Q1 results season is proving to be a bit of a damp squib. Negative sentiments are hurting the stocks of the few companies that are meeting or beating analysts’ expectations. Most others that are missing top line and/or bottom line targets are getting hammered badly.
RBI kept a status quo on interest rates. The stock market didn’t like that at all. The Rupee also tanked, after a few days of consolidation due to a short-term liquidity squeeze. PSU banks are declaring poor results one after the other. Mid-cap and small-cap stocks are hitting 52 week lows, leaving small investors frustrated and perplexed.
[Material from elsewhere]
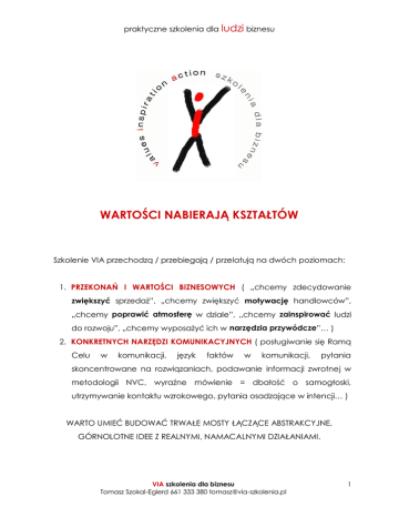 praktyczne szkolenia dla ludzi biznesu WARTOŚCI NABIERAJĄ KSZTAŁTÓW Szkolenie VIA przechodzą / przebiegają / przelatują na dwóch poziomach: 1. PRZEKONAŃ I WARTOŚCI BIZNESOWYCH ( „chcemy zdecydowanie zwiększyć sprzedaż”, „chcemy zwiększyć motywację handlowców”, „chcemy poprawić atmosferę w dziale”, „chcemy zainspirować ludzi do rozwoju”, „chcemy wyposażyć ich w narzędzia przywódcze”… ) 2. KONKRETNYCH NARZĘDZI KOMUNIKACYJNYCH ( posługiwanie się Ramą Celu w komunikacji, język faktów w komunikacji, pytania skoncentrowane na rozwiązaniach, podawanie informacji zwrotnej w metodologii NVC, wyraźne mówienie = dbałość o samogłoski, utrzymywanie kontaktu wzrokowego, pytania osadzające w intencji… ) WARTO UMIEĆ BUDOWAĆ TRWAŁE MOSTY ŁĄCZĄCE ABSTRAKCYJNE, GÓRNOLOTNE IDEE Z REALNYMI, NAMACALNYMI DZIAŁANIAMI. VIA szkolenia dla biznesu Tomasz Szokal-Egierd 661 333 380 [email protected] 1 praktyczne szkolenia dla ludzi biznesu PRAKTYCZNE SZKOLENIA HANDLOWE Aktywna sprzedaż w warunkach stresu i silnej konkurencji. Telemarketing inny niż irytująca większość. Sztuka pracy z oporem, obiekcją, sprzeciwem. Nieszablonowa prezentacja handlowa przed grupą. Skuteczna sprzedaż na wysokiej motywacji wewnętrznej. Negocjacje handlowe. Sztuka przekonywania ludzi do wspólnych racji. PRAKTYCZNE SZKOLENIA MENEDŻERSKIE Zaawansowane techniki przywódcze. Angażowanie i motywowanie ludzi do działania. Skuteczne zarządzanie zespołem handlowym. Trudne rozmowy i zapobieganie konfliktom. Komunikacja zorientowana na rozwiązania. Energia i motywacja menedżera. Techniki pracy z oporem, obiekcją, sprzeciwem. Coaching jako doskonała metoda prowadzenia ludzi w rozwoju. PRAKTYCZNE SZKOLENIA DLA WSZYSTKICH Energia i motywacja do działania. Asertywność jako konieczność w biznesie. Świadome zarządzanie sobą w czasie. Komunikacja i działanie zorientowane na cel. Techniki pracy ze stresem, zmęczeniem, emocjami. Radzenie sobie z syndromem wypalenia zawodowego. Sztuka prezentacji przed większą grupą. Higiena pracy głosem i emisja głosu. VIA szkolenia dla biznesu Tomasz Szokal-Egierd 661 333 380 [email protected] 2 praktyczne szkolenia dla ludzi biznesu ZACZYNAM OD KOŃCA – Z WIZJĄ MIERZALNEGO EFEKTU Można to ująć innymi słowami – umiem zamieniać kompetencje miękkie ( abstrakt ) w kompetencje twarde, widoczne, namacalne, realne ( konkretne narzędzia ). Zwroty po szkoleniu: „Było na pełnym zaangażowaniu, inspirująco i z poczuciem humoru” dopełniam żelaznymi konkretami: „Czego się konkretnie dowiedziałeś / nauczyłeś?” „Jak, kiedy, z kim będziesz konkretne narzędzie rozwijał?” „Po co warto to narzędzie stosować?” UPARCIE DOSTARCZAM REALNE WYNIKI Takie zwroty po szkoleniach uważam za najbardziej wartościowe: Potrafię prowadzić rozmowy bardziej otwarcie, udaje mi się uzyskać więcej informacji o potrzebach klienta. Kilka dni po szkoleniu podpisałem duży kontrakt. Zadawanie pytań przyniosło efekty, szczególnie w przypadku, gdy osoby, które ze mną rozmawiają, mają jakieś obiekcje, Pytania delikatne po co zamiast dlaczego wprowadzały rozmowę na bardzo dobre tory. Mam Twoje materiały cały czas I muszę Ci napisać, że zdanie „w czym Twój komentarz ma mi pomóc?” załatwiło osobę, która mnie wkurzała od dłuższego czasu. Podpisałam umowę z Panem „punkt honoru". Dziękuję za wskazówki. Przypomniałam sobie, co zaniedbałam w kole wartości, co stale spychałam na „ potem”. A to „potem” może nigdy nie nadejść, więc po prostu zaczynam działać w tym obszarze. Jestem pod dużym wrażenie Twojej łatwości wydobywania ze słów dużej motywacji. Zrobiłam eksperyment w życiu prywatnym, zadając pytanie „ Co Twoje słowa mają mi dać?” Po drugiej stronie było duże zaskoczenie, zanim uzyskałam odpowiedź I potwierdziłam, jak trudno w codzienności umieć obserwować, a nie oceniać…. VIA szkolenia dla biznesu Tomasz Szokal-Egierd 661 333 380 [email protected] 3 praktyczne szkolenia dla ludzi biznesu TRENERSKIE BIO Jestem praktykiem biznesu i praktykiem trenerem, absolwentem Centrum Szkoleń i Psychoedukacji Instytutu Psychologii Zdrowia PTP, Trenerem Biznesu z licznymi certyfikatami (m.in. Trenera NLP). Od 19 lat w aktywnej i praktycznej sprzedaży (w segmencie B2C, jak i B2B), a od 11 lat w szkoleniach doświadczam, jak ekscytujący i zmienny jest obszar komunikacji między ludźmi, jak coś, co było aktualne wczoraj, dzisiaj poszukuje nowej rację bytu. Zdecydowane stawiam na praktyczną użyteczność życiową ćwiczonych na szkoleniach narzędzi, mechanizmów… Wielokrotnie bywałem na warsztatach znaczących postaci świata szkoleń: Christiny Hall, Roberta Diltsa, Stephena Gilligana, Hermanna Mullera-Walbrodta, Franka Farelly’ego. Tłumaczyłem zapisy pracy Miltona Ericksona i Richarda Bandlera. Przetłumaczyłem książkę „Terapia prowokatywna” Franka Farelly’ego. W wolnych i szybkich chwilach bawię się językiem – najczęściej własnym, czyli polskim. Choć przyjmuję również bliskie obce. KLIENCI Ringier Axel Springer Polska Sp. z o.o., Fresenius Kabi Polska Sp. z o.o., NCAB Group Polska Sp. z o.o., BILETOMAT.PL, Cargill Polska Sp. z o.o., Narodowy Bank Polski, Dossche Sp. z o. o., Tyco Electronics Polska Sp. z o.o., Besam Polska Sp. z o.o., Sopro Polska Sp. z o.o., ING Bank Śląski S.A., ING Usługi Finansowe S.A, PZU Życie S.A., Bank Przemysłowo-Handlowy S.A., Bank Pekao S.A., Unilever Polska Sp. z o.o., Nutricia Polska Sp. z o.o., SCA Hygiene Products Sp. z o.o., Allianz Polska Services Sp. z o.o., Osram Polska Sp. z o.o., Securitas Polska Sp. z o.o., Budimex Nieruchomości Sp. z o.o., Gladstone Polska Sp. z o.o., Tchibo Coffee Service Polska Sp. z o.o., Agencja Open, Carlson Wagonlit Polska Sp. z o.o., e-Center CWT Polska Sp. z o.o., Brand Support Sp. z o.o., Wydawnictwo Bauer Sp. kom., E.P. Creatives, The ClearingHouse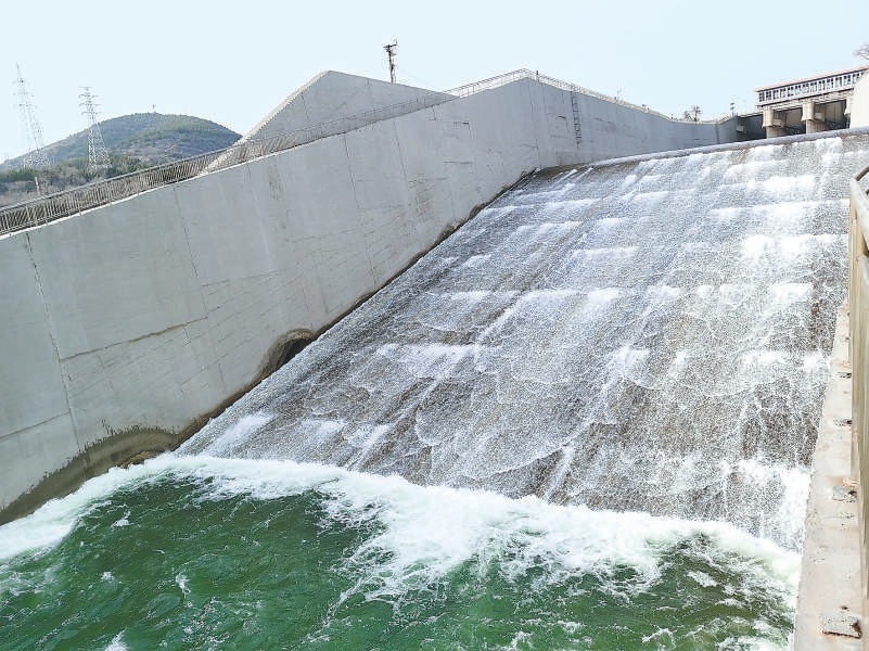 官廳水庫向下游開閘補(bǔ)水。 閆雪攝

Is this the beginning of a bear market, or is it another bull market correction? For answers, let us look at the charts of Sensex and Nifty below.
BSE Sensex index chart
The daily bar chart pattern of Sensex is tantalisingly poised at an important support. It has part-filled the small gap (marked by blue solid parallel lines) formed in Jun ‘13 by slipping below its 200 day EMA. However, the index found support from the blue up trend line and closed exactly on its 200 day EMA.
Daily technical indicators are looking bearish to the point of being oversold. MACD has dropped into negative territory below its signal line. ROC has fallen steeply below its 10 day MA to enter its oversold zone. Such steep falls are not sustainable. Both RSI and Slow stochastic have dropped inside their oversold zones.
The index can stay oversold for long periods. But because it is at an important support zone, the possibility of a bounce back can’t be ruled out. If the index closes the small gap and falls convincingly below the up trend line, support is likely from the earlier gap formed in Sep ‘12 (marked by dotted parallel lines).
Even if the Sep ‘12 gap gets filled (note that it was part-filled in Apr ‘13), the index should resume its up move thereafter. Though bears seem to be getting the upper hand, bulls still have a lot of ammunition to fight back.
NSE Nifty 50 index chart
The weekly bar chart pattern of Nifty is beginning to turn bearish. The index has closed below its two weekly EMAs and the up trend line UTL2 (connecting the Jun ‘12 and Apr ‘13 lows). The ‘error trade’ of Oct 5 is being ignored for technical analysis since the trade didn’t show up on Sensex or Nifty Futures charts.
Nifty has been consolidating within a rectangle pattern for nearly a year. The lower edge of the rectangle is at about 5480 – which is just above the level of the up trend line UTL1 (connecting the Dec ‘11 and Jun ‘12 lows). Both should provide support to the falling index. If the index falls convincingly below UTL1 (currently at about 5400), a change of trend will occur.
Weekly technical indicators are turning bearish. MACD is falling towards negative territory below its signal line. ROC is falling below its 10 week MA and about to fall inside its oversold zone. RSI has slipped below its 50% level. So has Slow stochastic. A test of the lower edge of the rectangle is likely.
Bottomline? Chart patterns of BSE Sensex and NSE Nifty 50 indices are undergoing corrections, but technically these are bull market corrections. There are still no signs of a huge fall - being predicted by some experts. The dips can be used to add fundamentally strong stocks, but with appropriate stop-losses.